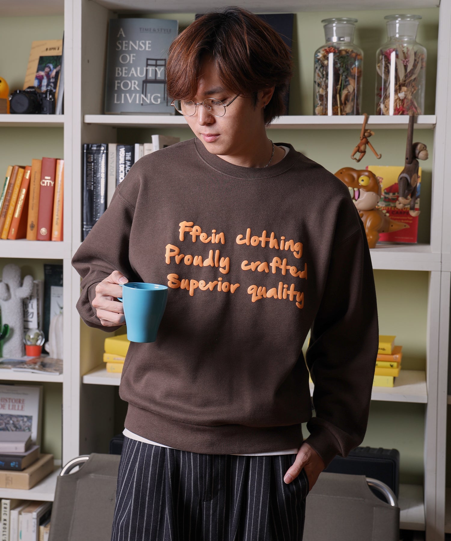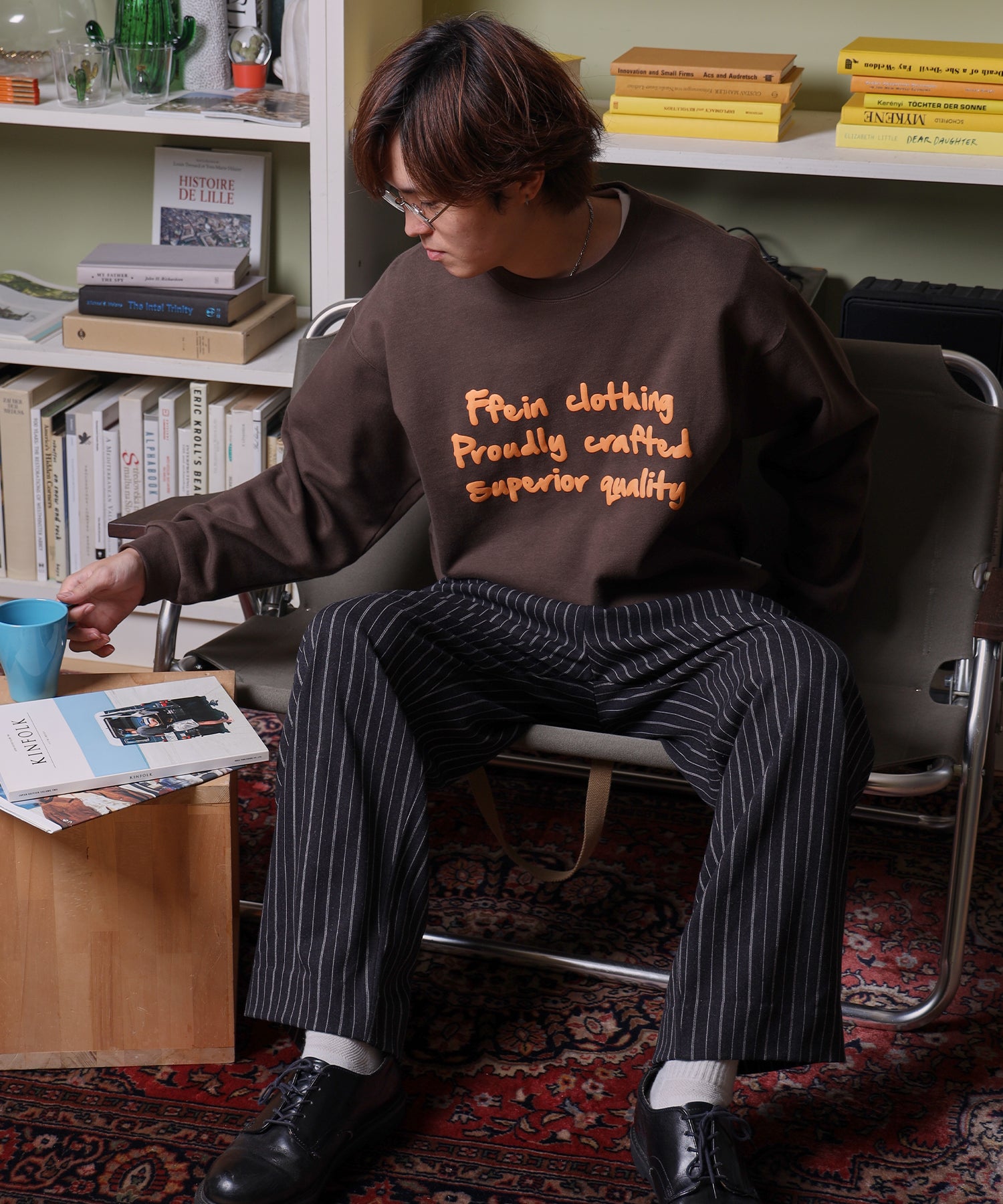 手書き風ロゴが特徴的な、温かみのあるデザインスウェット。
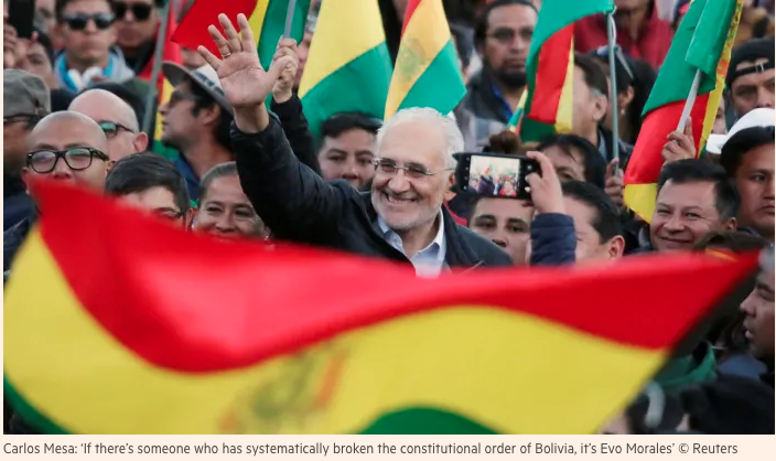 “Mesa won’t last a year in office,” said a senior official in Mr Morales’s administration, adding that the risk of social conflict would be high.
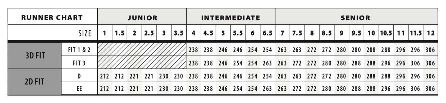 Таблица соответствия размеров коньков
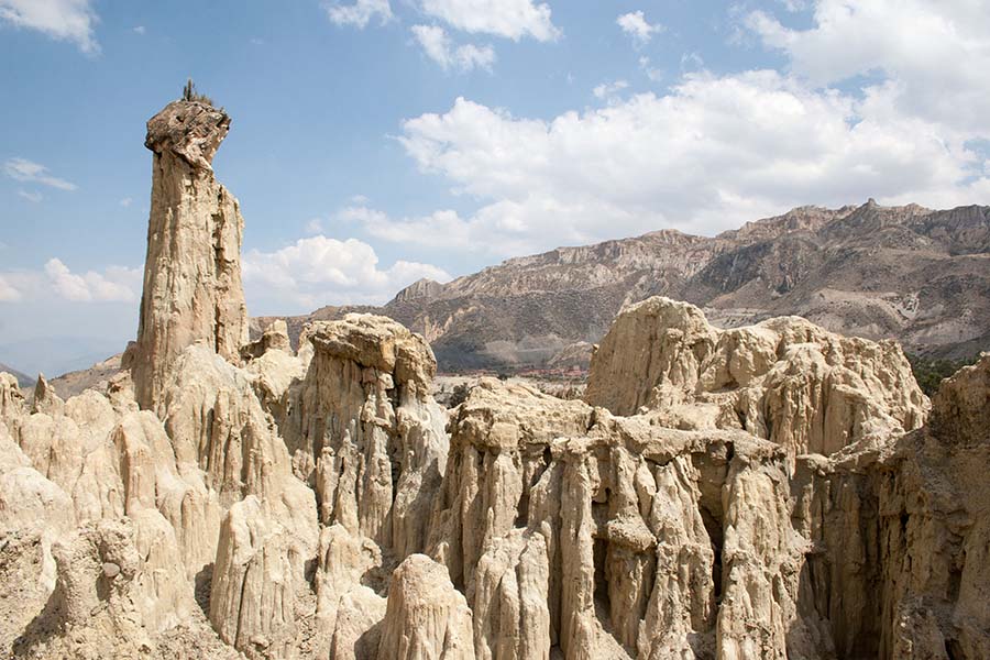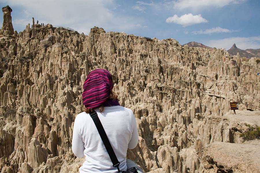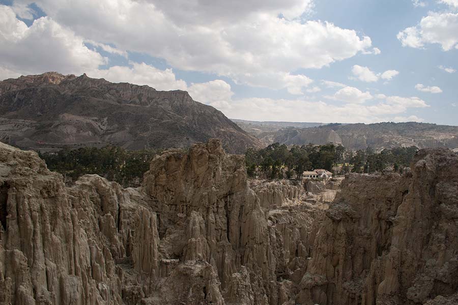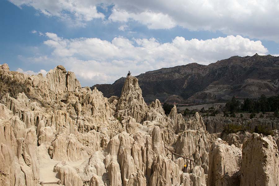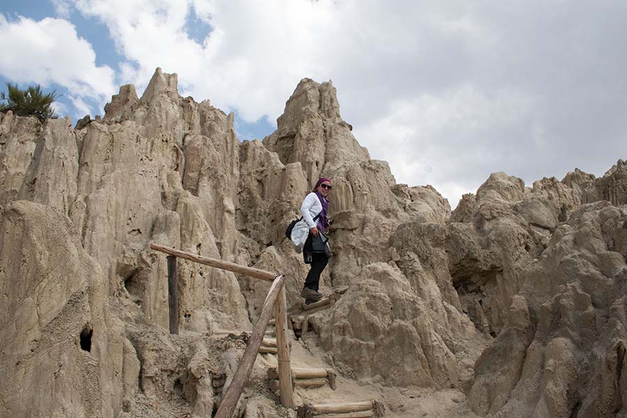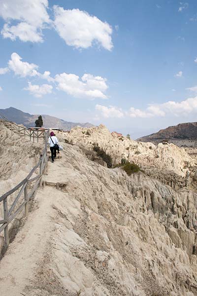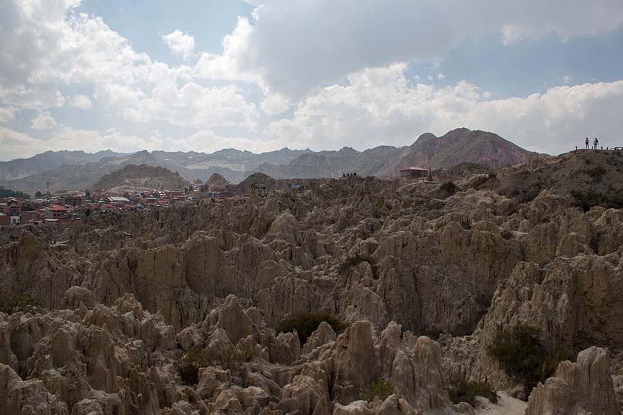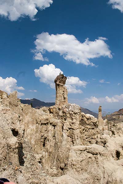 Nous continuons un peu dans la rocaille et la neige pour avoir un autre point de vue. C’est très beau, on se sent tout petit. On doit repartir en empruntant le même chemin, je me suis demandé si le van n’allait pas se disloquer à cause de la piste ! Nous traversons La Paz vers le sud et donc le bas (en altitude) vers la vallée de la Lune. C’est une formation géologique résultant de l’érosion de couches de terre, poussières et cendres volcaniques. La visite est assez courte mais intéressante. C’est lunaire. Effectivement beaucoup de crevasses, de colonnes… Ensuite le van repart et nous dépose au téléphérique avec lequel nous faisons un aller/retour sur les hauteurs de La Paz, ce qui nous permet d’apprécier l’étendue de la ville !
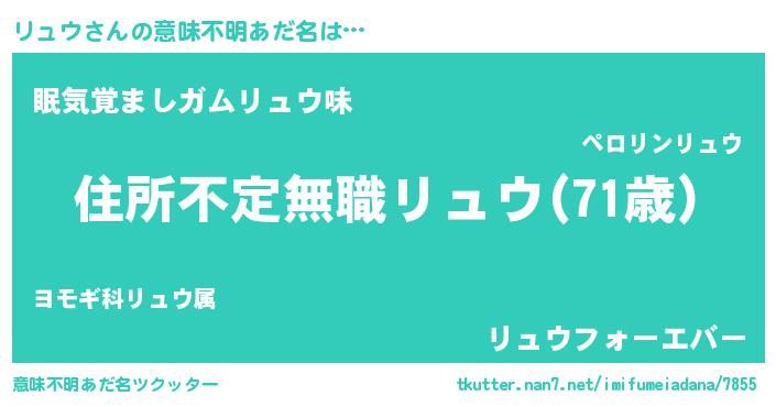 | 男性向けラノベタイトル風あだ名 | 『この素晴らしい世界にリュウを!』 |
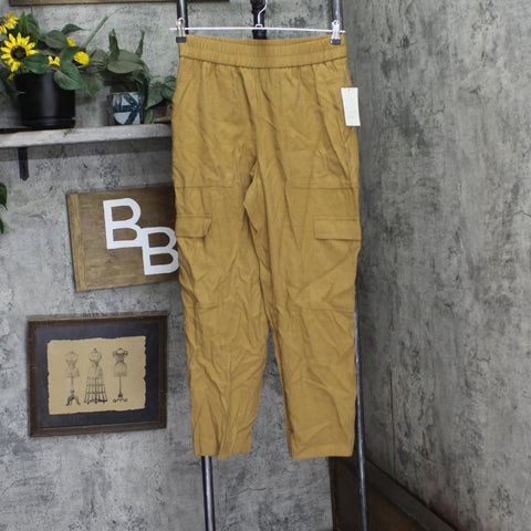 Spruce up your bottoms collection with these High-Rise Ankle Cargo Pants from A New Day. Designed in a tapered-leg silhouette, the high-rise cargo pants are made from lightweight fabric to keep you in absolute comfort. A full-elastic waistband provides you a secure fit, while two side and patch pockets allow you to carry small everyday essentials. In a solid hue, they are easy to coordinate with a variety of tees, tanks or sweatshirts for versatile wear.A New Day: Style that goes wherever you do. High-rise ankle cargo pants Tapered legs Lightweight twill fabric Full-elastic waistband Side and cargo pockets Recycled polyester Sizing: Womens Material: 92% Rayon, 8% Recycled Polyester Inseam Length: 28 Inches Rise: High Rise Closure Style: Full Waistband Elastic Fit: Tapered Leg with a Slim Fit Garment Length: Ankle Fabric Name: Twill Garment Details: Full Waistband Elastic, Patch Pocket, Cargo Pocket Fabric Weight Type: Lightweight Fabric Stretch: No Stretch Care and Cleaning: Machine Wash, Tumble Dry
+++
Starting at the line that contains "Nous continuons un" and ending at the line that contains "男性向けラノベタイトル風あだ名 | 『この素晴らしい世界にリュウを!』 |", transcribe the material above exactly, excluding pictures.

 Nous continuons un peu dans la rocaille et la neige pour avoir un autre point de vue. C’est très beau, on se sent tout petit. On doit repartir en empruntant le même chemin, je me suis demandé si le van n’allait pas se disloquer à cause de la piste ! Nous traversons La Paz vers le sud et donc le bas (en altitude) vers la vallée de la Lune. C’est une formation géologique résultant de l’érosion de couches de terre, poussières et cendres volcaniques. La visite est assez courte mais intéressante. C’est lunaire. Effectivement beaucoup de crevasses, de colonnes… Ensuite le van repart et nous dépose au téléphérique avec lequel nous faisons un aller/retour sur les hauteurs de La Paz, ce qui nous permet d’apprécier l’étendue de la ville !
 | 男性向けラノベタイトル風あだ名 | 『この素晴らしい世界にリュウを!』 |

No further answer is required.